Sunday, September 30, 2007

Expectations

Amazing what happens when I can, finally, let go enough to let God take over. I don't let go without kicking and screaming and a long, long list of "but what if's?" far too much of time, and that was certainly the case this week.

Yesterday I was the keynote speaker at a conference-wide women's retreat, something I've known I was doing for several months now. For most of the past few months, as I've occasionally thought about what I was going to talk about, the ideas were consistently along the lines of topics that I could use to prove I was a more than decent academic theologian and scholar. I thought that's what these folks would want, and it took until Thursday for me to begin to let go of that enough to start letting what God wanted to come into my head and heart.

The writing and planning got significantly less like pulling teeth after that, and more like Spirit-flowing streams of words falling onto the page. I wish I could say that I fully relaxed into the trust of that Spirit as the words came. I still have a long way to go in that department. By dinnertime on Friday night, though, I was able to put the whole manuscript down. Shannon agreed to listen to the whole thing, and as I was reading it aloud to her I started thinking about how backwards I had approached the entire experience. When I was asked to speak - months ago - I thought first about the women's expectations, and how I needed to prove myself on this new 'stage.' All along, the question I needed to be asking was of God: "Help me, Lord, help me speak with Your vision and not my own."

It's all over now. Thankfully, it was God's expectations that managed to break through and speak to us all.

Thursday, September 20, 2007

The Details

I have one of those jobs that requires multi-tasking pretty much 99% of the time. The details are often endless: scheduling programs and teachers and helpers and childcare workers; answering emails and phone calls from concerned, disgruntled, worried parents; visiting with those who are lonely and can't get out much anymore; writing liturgy, worship bulletins, sermons, articles for newsletter; communicating on a weekly basis with the various constituencies to make sure folks are 'in the loop'; staff meetings about space, parking challenges due to our proximity to the local elementary school, pastoral care...to name a few. Those are the predictable details, many others happen that need attention as well.

I get bogged down by it all, and have trouble discovering God's presence sometimes when I'm in the midst of it all and forget to breathe. Which means, lately, that I've been having trouble sleeping and am emotionally unavailable, as they say, too often to be the wife I'd like to be and that Shannon deserves.

Some of it is about this particular job not being a good fit for me - parts of it are extraordinary and life-giving and worth every bit of hard work and angst they bring, but there are large pieces that simply do not fit with what I can give. A larger issue, though, is about me and details. I need to remember that although I allow the devil to be in the details far more than necessary, that God is there too: even in the parts that are hard, annoying, un-enjoyable.
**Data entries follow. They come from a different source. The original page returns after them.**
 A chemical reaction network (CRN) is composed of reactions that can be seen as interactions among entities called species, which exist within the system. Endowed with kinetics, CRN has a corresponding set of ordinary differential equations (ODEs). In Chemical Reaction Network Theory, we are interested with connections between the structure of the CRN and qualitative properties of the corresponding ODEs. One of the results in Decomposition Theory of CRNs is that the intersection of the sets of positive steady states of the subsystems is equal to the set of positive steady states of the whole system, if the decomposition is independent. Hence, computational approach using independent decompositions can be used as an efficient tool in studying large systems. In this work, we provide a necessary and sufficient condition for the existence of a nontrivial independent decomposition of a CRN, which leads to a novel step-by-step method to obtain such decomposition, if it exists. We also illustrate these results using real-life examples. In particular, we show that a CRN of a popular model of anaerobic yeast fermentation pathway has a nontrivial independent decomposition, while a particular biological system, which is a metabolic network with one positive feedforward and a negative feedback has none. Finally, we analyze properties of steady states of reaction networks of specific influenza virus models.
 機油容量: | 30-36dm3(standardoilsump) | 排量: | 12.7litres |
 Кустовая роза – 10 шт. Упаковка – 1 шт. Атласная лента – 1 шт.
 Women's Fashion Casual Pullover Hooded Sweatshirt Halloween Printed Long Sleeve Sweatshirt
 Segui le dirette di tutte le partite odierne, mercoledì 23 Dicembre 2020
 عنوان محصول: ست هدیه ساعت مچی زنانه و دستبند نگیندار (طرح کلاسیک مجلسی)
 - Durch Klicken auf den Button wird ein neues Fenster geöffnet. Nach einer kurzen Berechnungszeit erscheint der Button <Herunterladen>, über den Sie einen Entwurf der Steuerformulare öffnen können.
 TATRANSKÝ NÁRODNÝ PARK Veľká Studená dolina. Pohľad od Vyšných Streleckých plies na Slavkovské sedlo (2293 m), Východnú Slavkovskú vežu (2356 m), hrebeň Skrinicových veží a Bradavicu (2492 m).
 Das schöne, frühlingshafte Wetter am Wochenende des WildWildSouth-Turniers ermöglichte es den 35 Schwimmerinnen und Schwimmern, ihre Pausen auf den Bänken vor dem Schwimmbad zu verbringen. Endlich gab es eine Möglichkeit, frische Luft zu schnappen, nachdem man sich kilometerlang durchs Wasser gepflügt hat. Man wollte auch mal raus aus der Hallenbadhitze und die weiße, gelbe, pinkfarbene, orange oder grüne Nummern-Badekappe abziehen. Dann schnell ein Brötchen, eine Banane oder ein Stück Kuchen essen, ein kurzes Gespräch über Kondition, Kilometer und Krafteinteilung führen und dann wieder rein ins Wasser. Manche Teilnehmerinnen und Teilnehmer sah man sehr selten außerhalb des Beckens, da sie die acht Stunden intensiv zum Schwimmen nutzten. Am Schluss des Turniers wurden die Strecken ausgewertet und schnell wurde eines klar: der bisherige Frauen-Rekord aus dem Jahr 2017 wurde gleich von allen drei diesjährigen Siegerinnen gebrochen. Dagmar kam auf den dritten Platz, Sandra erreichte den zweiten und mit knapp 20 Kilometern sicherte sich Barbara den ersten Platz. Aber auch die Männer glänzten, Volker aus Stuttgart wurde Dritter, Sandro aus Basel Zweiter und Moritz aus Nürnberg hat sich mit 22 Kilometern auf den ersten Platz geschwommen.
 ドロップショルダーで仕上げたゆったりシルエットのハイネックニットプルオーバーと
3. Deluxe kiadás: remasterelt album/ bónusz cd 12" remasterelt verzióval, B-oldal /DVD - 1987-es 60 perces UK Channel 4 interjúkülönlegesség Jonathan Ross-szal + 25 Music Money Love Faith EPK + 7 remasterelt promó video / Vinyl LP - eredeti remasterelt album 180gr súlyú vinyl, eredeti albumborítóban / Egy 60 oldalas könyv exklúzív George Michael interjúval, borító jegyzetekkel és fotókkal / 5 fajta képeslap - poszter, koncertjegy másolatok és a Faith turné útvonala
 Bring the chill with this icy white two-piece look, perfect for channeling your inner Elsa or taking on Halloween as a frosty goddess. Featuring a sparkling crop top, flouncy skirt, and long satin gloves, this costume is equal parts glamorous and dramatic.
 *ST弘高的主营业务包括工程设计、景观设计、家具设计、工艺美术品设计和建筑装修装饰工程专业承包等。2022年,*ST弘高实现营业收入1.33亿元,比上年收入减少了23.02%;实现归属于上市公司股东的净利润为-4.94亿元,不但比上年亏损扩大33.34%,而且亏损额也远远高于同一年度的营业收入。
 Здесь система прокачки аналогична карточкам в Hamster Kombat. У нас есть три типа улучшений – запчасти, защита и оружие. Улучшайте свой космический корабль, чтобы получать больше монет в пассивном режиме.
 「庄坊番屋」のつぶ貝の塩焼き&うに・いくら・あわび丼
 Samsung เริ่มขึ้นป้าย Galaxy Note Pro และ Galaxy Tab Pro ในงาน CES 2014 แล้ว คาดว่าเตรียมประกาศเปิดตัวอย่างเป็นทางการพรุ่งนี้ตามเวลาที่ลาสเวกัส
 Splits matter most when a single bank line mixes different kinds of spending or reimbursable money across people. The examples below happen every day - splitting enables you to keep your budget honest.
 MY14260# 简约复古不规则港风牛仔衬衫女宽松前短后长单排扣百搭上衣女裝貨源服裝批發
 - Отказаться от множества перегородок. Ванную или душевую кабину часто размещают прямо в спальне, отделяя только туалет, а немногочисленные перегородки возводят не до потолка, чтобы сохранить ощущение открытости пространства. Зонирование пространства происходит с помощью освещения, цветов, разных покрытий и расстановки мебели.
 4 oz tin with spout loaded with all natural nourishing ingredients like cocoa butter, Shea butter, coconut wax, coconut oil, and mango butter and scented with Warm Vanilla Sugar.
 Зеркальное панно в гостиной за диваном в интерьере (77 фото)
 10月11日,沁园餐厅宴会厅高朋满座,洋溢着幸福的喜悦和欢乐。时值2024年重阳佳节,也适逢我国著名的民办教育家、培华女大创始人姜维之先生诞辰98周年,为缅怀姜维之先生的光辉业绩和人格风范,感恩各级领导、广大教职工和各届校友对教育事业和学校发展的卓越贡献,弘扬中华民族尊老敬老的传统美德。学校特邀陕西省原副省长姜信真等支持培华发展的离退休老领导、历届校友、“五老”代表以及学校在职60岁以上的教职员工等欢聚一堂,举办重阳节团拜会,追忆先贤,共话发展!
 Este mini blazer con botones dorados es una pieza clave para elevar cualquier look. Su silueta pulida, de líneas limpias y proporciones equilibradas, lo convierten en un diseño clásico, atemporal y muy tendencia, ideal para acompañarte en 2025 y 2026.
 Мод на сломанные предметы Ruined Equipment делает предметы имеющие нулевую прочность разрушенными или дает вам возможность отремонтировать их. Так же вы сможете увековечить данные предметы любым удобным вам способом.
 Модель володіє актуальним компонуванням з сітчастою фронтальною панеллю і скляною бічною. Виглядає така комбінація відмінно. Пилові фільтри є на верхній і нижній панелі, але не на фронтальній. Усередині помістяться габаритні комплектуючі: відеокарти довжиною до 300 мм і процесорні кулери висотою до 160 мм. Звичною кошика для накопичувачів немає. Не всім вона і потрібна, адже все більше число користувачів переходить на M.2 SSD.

Thursday, September 13, 2007

Nobody Wins

I listened to President Bush tonight as he addressed the nation on primetime t.v. He talked about strategies, about good and evil, about national security, about defeating the enemy, about winning the war and being successful in Iraq.

I go and back and forth between sadness and anger as I think about this war, and listen to rhetoric about national security - and I know that my anger comes from deep, deep sadness. And it's not because I think everything was great in Iraq before we got there, or that I think the United States should not ever become involved beyond our borders. My deep sadness is from my certainty that war is never the answer. It never has been, from the time the prophet Micah dreamed of the day when swords would become plowshares -- and I'm sure for many ages even before Micah preached his vision.

I'm clear that I do not have a great answer for how we, the United States, should be involved in any part of the Middle East nor do I know how to 'exit' a war. I'm also clear that killing people is not a road to peace. War is never successful. Nobody wins.

Tuesday, September 11, 2007

A Wild and Precious Life

From the extraordinary pen of Mary Oliver:

Who made the world?
Who made the swan, and the black bear?
Who made the grasshopper?
This grasshopper, I mean --
the one who has flung herself out of the grass,
the one who is eating sugar out of my hand,
who is moving her jaw back and forth instead of up and down --
who is gazing around with her enormous and complicated eyes.
Now she lifts her pale forearms and thoroughly washes her face.
Now she snaps her wings opens, and floats away.
I don't know exactly what a prayer is.
I do know how to pay attention, how to fall down
into the grass, how to kneel down in the grass,
how to be idle and blessed, how to stroll through the fields,
which is what I have been doing all day.
Tell me, what else should I have done?
Doesn't everything die at last, and too soon?
Tell me, what is it you plan to do
with your one wild and precious life?

A wild and precious life...that is my prayer today, to remember the wild and precious life entrusted to me.